After our photo shoot at the viewpoint we stopped in the Menai Bridge town center. The center was filled with cute little shops, and we searched along the main street for a dog-friendly pub for some lunch. We found the Anglesey Arms, where the staff members were incredibly friendly, the food was lovely, and they were more than happy to have Nelson. We spoke to a few locals and they mentioned that we should take Nelson down to the promenade that runs below the pub as it would be a nice walk for him. They were right.

As afternoon came to a close, we decided we wanted to see a bit more of the island, so we jumped in the car and began driving without any sense of direction. You can drive around the island of Anglesey in 40 minutes so our chances of getting lost were very slim! On our little trip around the island we saw many beautiful scenes of the setting sun, and each one seemed more dramatic and vibrant than the last.

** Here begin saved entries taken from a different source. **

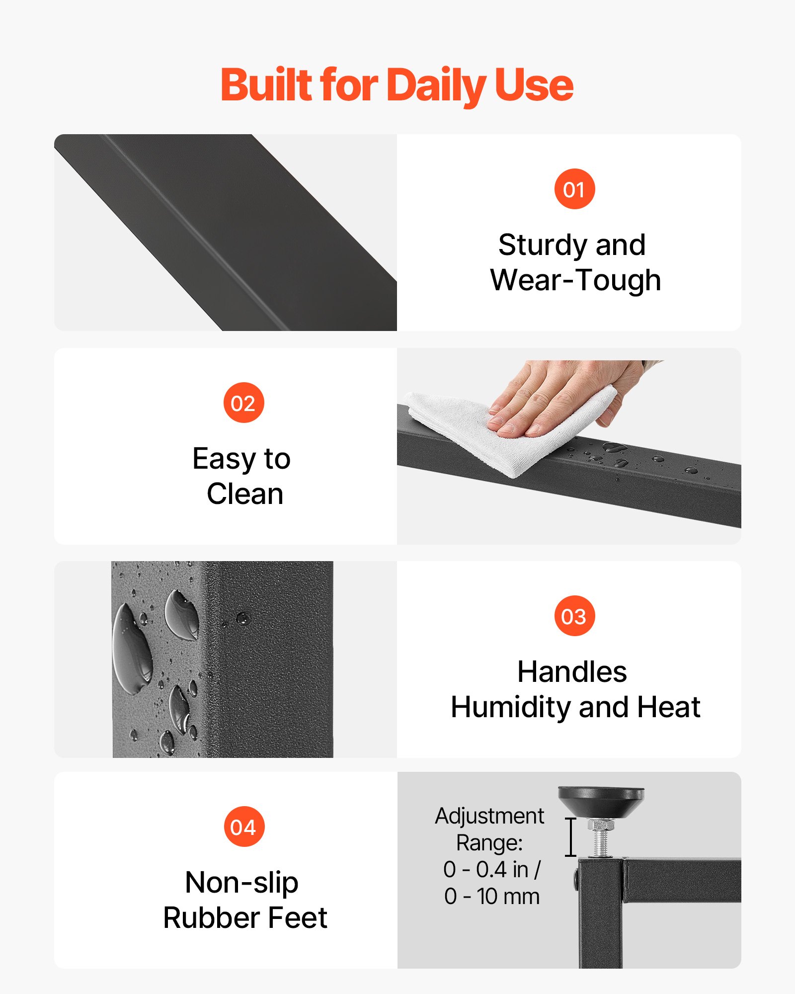 Engineered for Durability: Constructed from high-strength carbon steel, each table leg features a powder-coated surface that resists fingerprints and cleans easily. Features 0-0.4 in / 0-10 mm adjustable leveling feet to help you easily level the table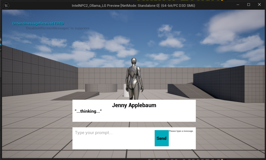Ensured that a system message is automatically added at the start of each chat seeding the NPC’s personality (“Jenny Applebaum, the apple seller”) to shape tone and context.
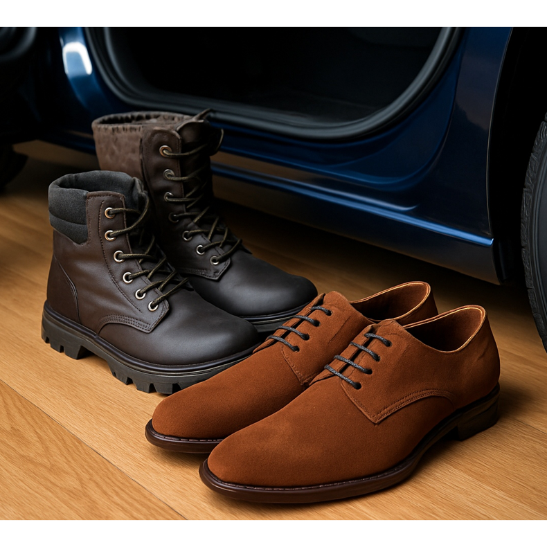 Jos haluat jotain universaalimpaa, valitse Chukka-saappaat tai Chelsea-saappaat, joissa on ohuempi mutta liukumaton pohja. On tärkeää, että kenkä ei jäykistä nilkkaa tarpeeksi estääkseen jalan vapaan liikkeen. Luonnonnahka on tässä paras valinta - se mukautuu jalkaan ja "hengittää", mikä on ratkaisevan tärkeää, kun auton lämmitys käy täydellä nopeudella.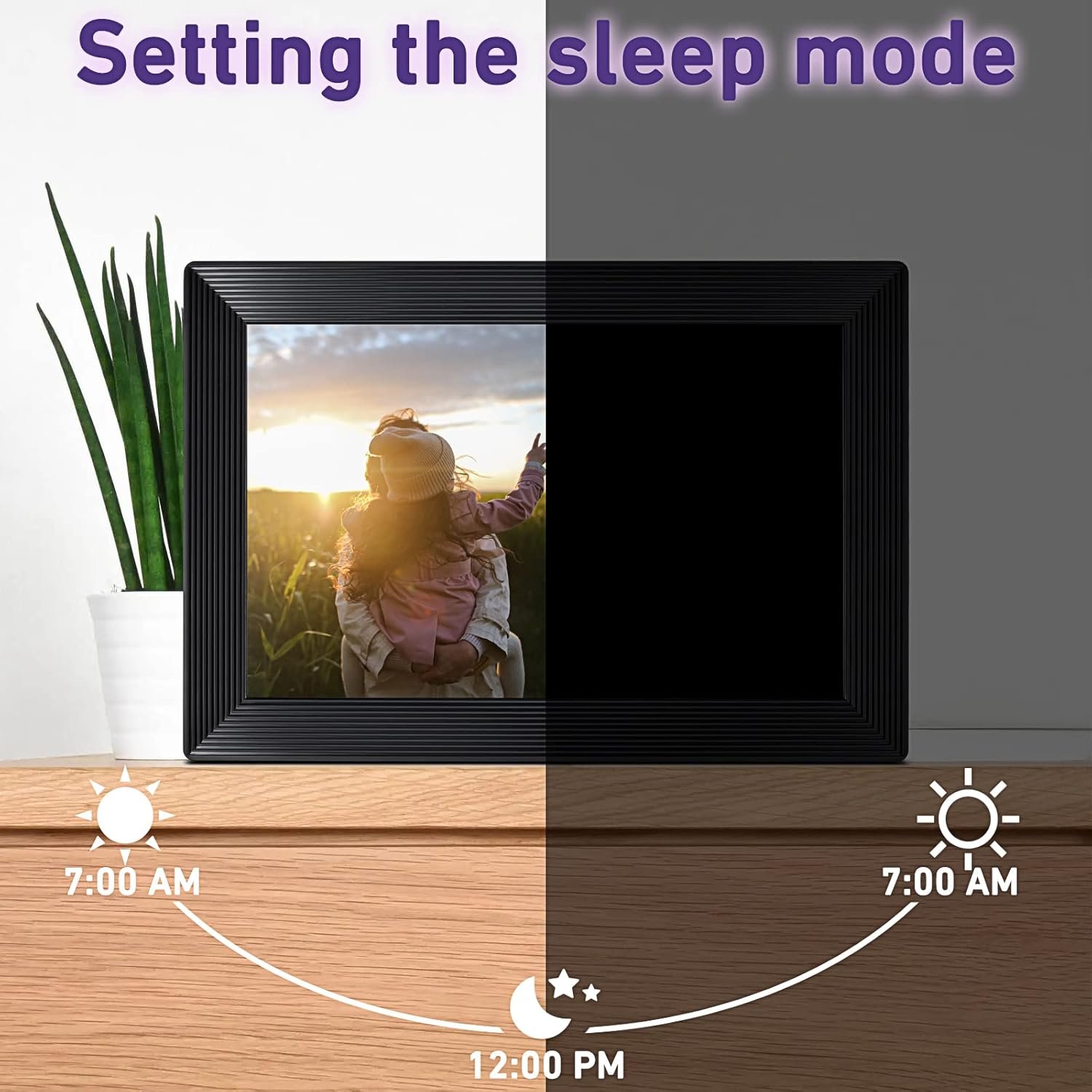 You can set the time for the frame to turn off automatically at night and open automatically during the day according to your own ideas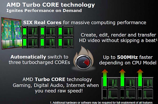 Кроме того, на практике тактовые частоты 6-ядерных чипов пускай и незначительно, но всё же уступали таковым у 4-ядерных моделей: так, например, частота старшего на момент выхода линейки Phenom II X6 1090T составляла 3.2 ГГц, а старший на тот момент Phenom II X4 970 мог похвастаться 3.5 ГГц. Впрочем, у AMD имелся ответ на эту досадную ситуацию — явленная миру технология Turbo Core могла в ситуации, когда загруженными оказывались менее 4 ядер, повышать частоту одной половины ядер на несколько сотен МГц, при этом существенно замедляя вторую неиспользуемую половину ядер. Таким образом, новые 6-ядерные процессоры должны были быть, как минимум, не медленнее своих 4-ядерных предшественников даже в приложениях, не оптимизированных под многопоточность.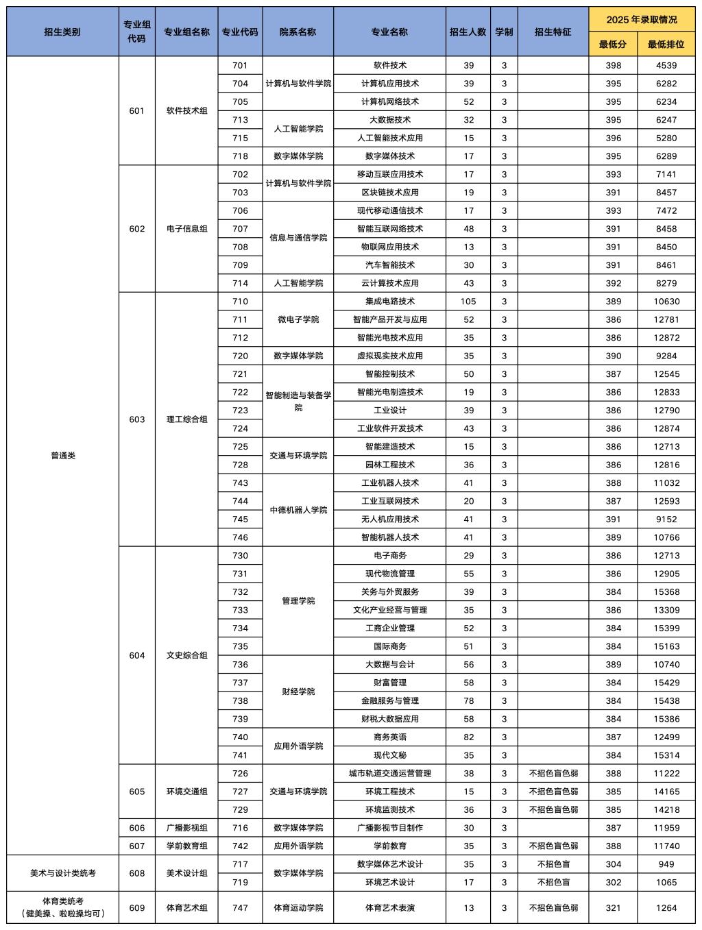 5)2025年录取情况:仅供考生填报志愿时参考用,美术与设计类、体育类录取最低分为综合分。

Another benefit to staying in Criccieth is that is only a 15-minute drive from the village of Portmeirion. Portmeirion is a place I’ve wanted to visit for a long time, and it was definitely worth the trip. Now owned by a charitable trust (which means you have to pay about US$15 to enter), it was built in the style of an Italian village by Sir Clough Williams-Ellis. You’d never expect such a colorful and unique town smack-dab in the middle of northern Wales! Spend a few hours wandering around the village to take in its fabulous architecture, and if you feel like getting a spa visit in, the Mermaid Spa is a great spot to spend the day.

Although travelling with Nelson meant that I couldn’t partake in many of the activities Snowdonia offers, I did experience the ridiculously fun Bounce Below, which I can highly recommend for all ages. Found in Blaenau Ffestiniog, Bounce Below is a massive subterranean playground comprising a series of bouncy nets to play on. A ticket allows you one hour where you are free to bounce, climb, and slide, and I can guarantee you’ll spend the entire hour laughing and feeling like a kid again. Make sure to make reservations for this activity, as the venue is extremely popular.

When I travel around the UK, I’m usually drawn to places with noted attractions or a lot of historical significance. With Snowdonia, on the other hand, the landscape itself was the appeal. I couldn’t get enough of the picture-perfect villages—I could have spent weeks trying to visit each one, and even more time road-tripping through the gorgeous scenery. Snowdonia truly is an area of outstanding natural beauty and like no place I have ever been before. With so many different activities and spots to explore, I believe it’s the perfect destination for your next vacation.

What are your favorite activities on a nature adventure?